**** COLLECTED MATERIAL ****
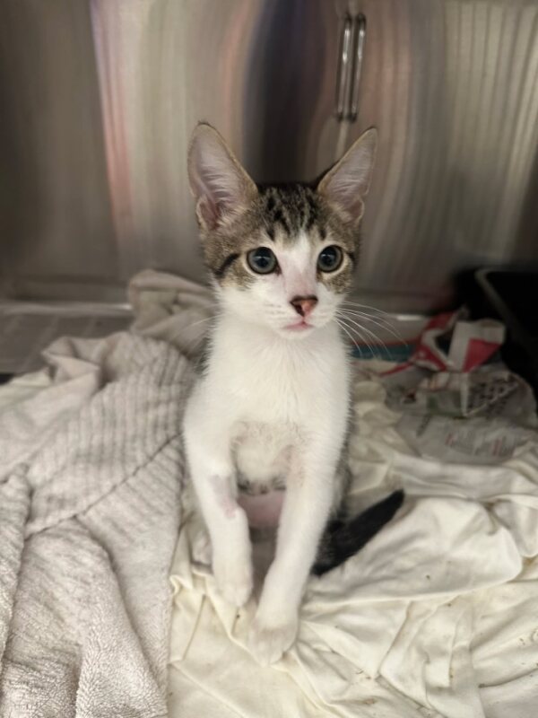 Hello there! My name is Frankie, and I'm a 3-month-old male Domestic Short Hair kitten.
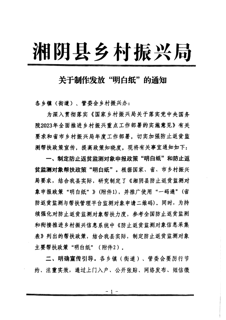 关于制作发放“明白”纸的通知
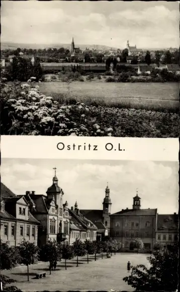 Ak Ostritz in der Oberlausitz Sachsen, Totale, Marktplatz
****
■ TO DO:
Print the material exactly as given, but not the pictures.

■ TASK OUTPUT:
 Hello there! My name is Frankie, and I'm a 3-month-old male Domestic Short Hair kitten.
 关于制作发放“明白”纸的通知
 Ak Ostritz in der Oberlausitz Sachsen, Totale, Marktplatz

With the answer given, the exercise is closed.